Pound US dollar (GBP/USD) exchange rate slumps as US non farm payrolls smash forecasts

Pound US dollar (GBP/USD) exchange rate slumps as US non farm payrolls smash forecasts

Article updated 13:57, 7/6/2024:

The pound US dollar (GBP/USD) exchange rate is sliding this afternoon, following the latest US non farm payrolls data.

In May, 272,000 jobs were added to US payrolls, significantly above expectations of a 185,000 figure.

This prompted speculation that the Federal Reserve may not cut interest rates multiple times this year.

Due to a robust economy and strong employment, the Fed has more room to keep rates elevated to ensure inflation stays down.

Furthermore, the data is prompting a rally in US Treasury bond yields, further lifting the US dollar (USD).

At the time of writing, GBP/USD is trading at around US$1.2735, a fall of roughly 0.4% from today’s opening rates.

Original article continues below:

Pound US dollar exchange rate quiet ahead of US non farm payrolls data

The pound US dollar exchange rate is narrowing this morning, as investors await the latest US non farm payrolls release.

At the time of writing, GBP/USD is trading at around US$1.2785, showing little movement from the morning’s opening rates.

US dollar (USD) tepid ahead of non farm payrolls release

The US dollar (USD) is wavering this morning, as markets anticipate the latest non farm payrolls data.

The number of jobs created is forecast to increase from a reading of 175,000  in April to 185,000 in May. Last month’s reading was significantly below forecasts – and as this month’s is expected to show a slight increase, it may weigh on the ‘greenback’.

Additionally, while this figure could show an increase, it may be more indicative of a broader trend across the US labour market.

Frantisek Taborsky, EMEA FX & FI Strategist at ING, explains:

‘As always, the payrolls are a bit of a lottery, but the last few days of labour market numbers confirm that we are on an easing labour market trajectory. While the median estimate for payrolls is +185k, there is a slight preference seen for a rather weak number if anything.’

This may pave the way for the Federal Reserve to begin unwinding its monetary policy. Cooling employment could have an adverse effect on the US economy, which the Fed may wish to avoid.

As such, the data could spark increased Fed rate cut bets, which could weaken the US dollar later today.

Pound (GBP) flat amid continued lack of data

The pound (GBP) is continuing its streak of muted trade today, as the lack of impactful domestic data continues.

This is leaving Sterling exposed to a mixed market mood. Due to the pound’s increasingly risk-sensitive nature, it is unable to gain a foothold against its peers.
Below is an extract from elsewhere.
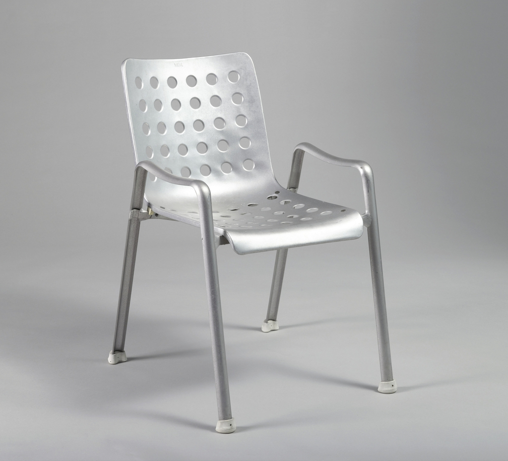 This is a chair. It was designed by Hans Coray and manufactured by P. and W. Blattmann Metallwarenfabrik. It is dated designed 1939; this example manufactured after 1961 and we acquired it in 2001. Its medium is aluminum, rubber. It is a part of the Product Design and Decorative Arts department.

If the mood remains mixed over today’s trade, GBP is unlikely to find much in the way of support.

Pound US dollar exchange rate forecast: UK wage data in focus

Looking ahead for the pound, the core catalyst of movement is likely to be the latest UK wage data, due on Tuesday.

In April, the UK unemployment rate is forecast to have held at 4.3%. While this could show a robust labour market, any gains for the pound may be limited by the accompanying wage growth data.

In the three months preceding April, average earnings excluding bonuses are expected to have cooled from 6% to 5.8%. This could weaken Sterling as it is considered a key inflationary pressure.

If wages continue to cool, the Bank of England may cut interest rates sooner than expected, which could dent GBP.

For the US dollar, impactful data is thin on the ground during the start of next week. This could leave the ‘greenback’ to trade in line with risk appetite.

As a safe haven currency, a shift towards downbeat trading conditions would lift USD against riskier assets. However, the reverse is also true – bullish trade may weaken the US dollar against its peers.